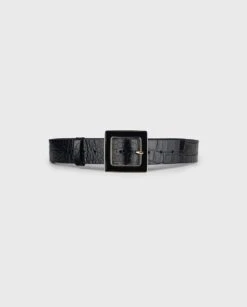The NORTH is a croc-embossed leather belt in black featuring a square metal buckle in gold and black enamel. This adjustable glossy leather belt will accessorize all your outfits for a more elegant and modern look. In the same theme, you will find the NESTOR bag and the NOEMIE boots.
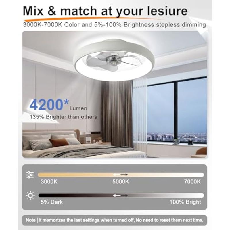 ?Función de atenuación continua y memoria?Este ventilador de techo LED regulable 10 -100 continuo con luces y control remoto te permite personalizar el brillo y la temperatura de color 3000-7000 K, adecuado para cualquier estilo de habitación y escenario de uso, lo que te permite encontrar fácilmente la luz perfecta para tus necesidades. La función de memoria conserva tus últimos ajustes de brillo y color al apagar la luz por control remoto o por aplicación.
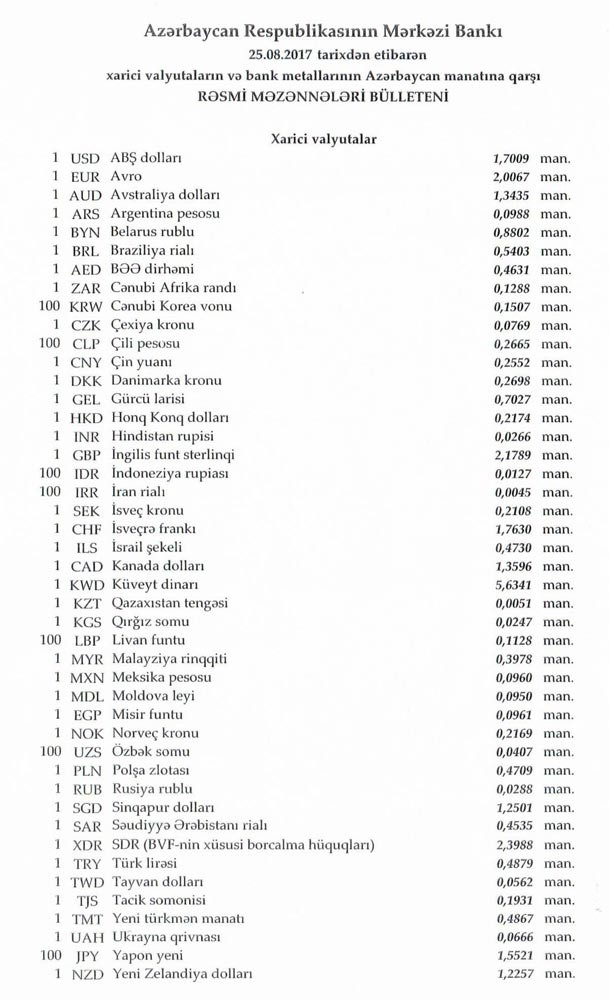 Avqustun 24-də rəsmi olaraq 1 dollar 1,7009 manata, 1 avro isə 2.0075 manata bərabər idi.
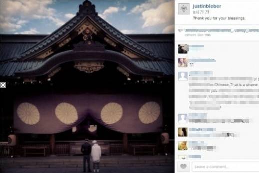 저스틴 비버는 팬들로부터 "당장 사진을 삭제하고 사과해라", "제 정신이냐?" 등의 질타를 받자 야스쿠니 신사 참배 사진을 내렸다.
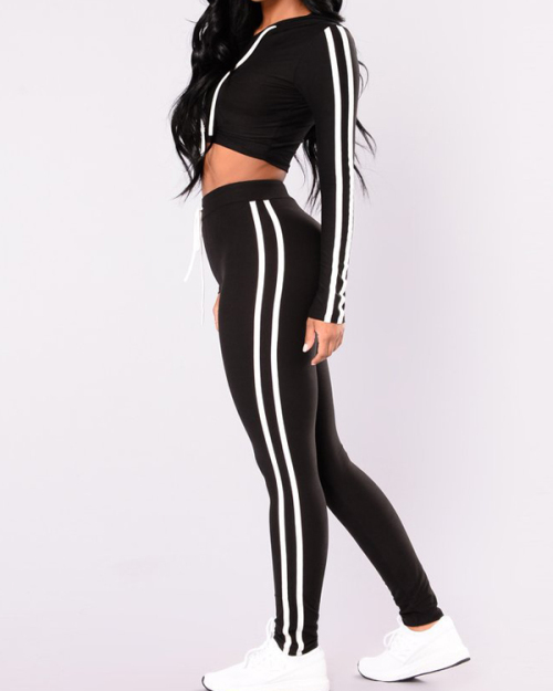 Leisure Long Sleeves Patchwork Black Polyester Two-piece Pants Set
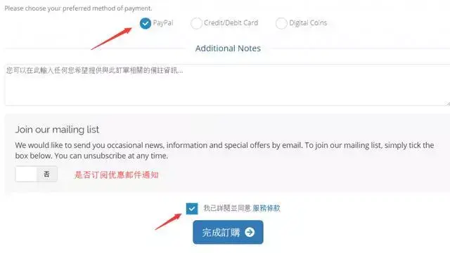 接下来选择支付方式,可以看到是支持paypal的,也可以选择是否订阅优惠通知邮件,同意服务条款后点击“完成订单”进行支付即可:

* * *

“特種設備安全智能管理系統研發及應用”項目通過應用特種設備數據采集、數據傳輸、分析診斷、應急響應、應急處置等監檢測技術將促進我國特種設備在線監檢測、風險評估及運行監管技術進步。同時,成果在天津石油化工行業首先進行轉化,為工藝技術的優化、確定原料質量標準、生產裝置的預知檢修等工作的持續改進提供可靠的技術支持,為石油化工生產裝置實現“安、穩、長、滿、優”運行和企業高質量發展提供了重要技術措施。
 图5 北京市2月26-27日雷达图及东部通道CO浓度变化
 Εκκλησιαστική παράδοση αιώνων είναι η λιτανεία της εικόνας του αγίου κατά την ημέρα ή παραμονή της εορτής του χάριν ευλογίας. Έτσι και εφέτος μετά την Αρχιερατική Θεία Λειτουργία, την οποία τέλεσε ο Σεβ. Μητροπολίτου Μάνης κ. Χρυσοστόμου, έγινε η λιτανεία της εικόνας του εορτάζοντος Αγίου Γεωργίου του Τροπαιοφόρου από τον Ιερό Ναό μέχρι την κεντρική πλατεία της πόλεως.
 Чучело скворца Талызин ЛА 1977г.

EXERCISE DIRECTIONS> Give exactly the lines above that run from the line with "o por aplicación." to the line with "接下来选择支付方式,可以看到", both included, leaving every picture out.

TASK SOLUTION>
 ?Función de atenuación continua y memoria?Este ventilador de techo LED regulable 10 -100 continuo con luces y control remoto te permite personalizar el brillo y la temperatura de color 3000-7000 K, adecuado para cualquier estilo de habitación y escenario de uso, lo que te permite encontrar fácilmente la luz perfecta para tus necesidades. La función de memoria conserva tus últimos ajustes de brillo y color al apagar la luz por control remoto o por aplicación.
 Avqustun 24-də rəsmi olaraq 1 dollar 1,7009 manata, 1 avro isə 2.0075 manata bərabər idi.
 저스틴 비버는 팬들로부터 "당장 사진을 삭제하고 사과해라", "제 정신이냐?" 등의 질타를 받자 야스쿠니 신사 참배 사진을 내렸다.
 Leisure Long Sleeves Patchwork Black Polyester Two-piece Pants Set
 接下来选择支付方式,可以看到是支持paypal的,也可以选择是否订阅优惠通知邮件,同意服务条款后点击“完成订单”进行支付即可:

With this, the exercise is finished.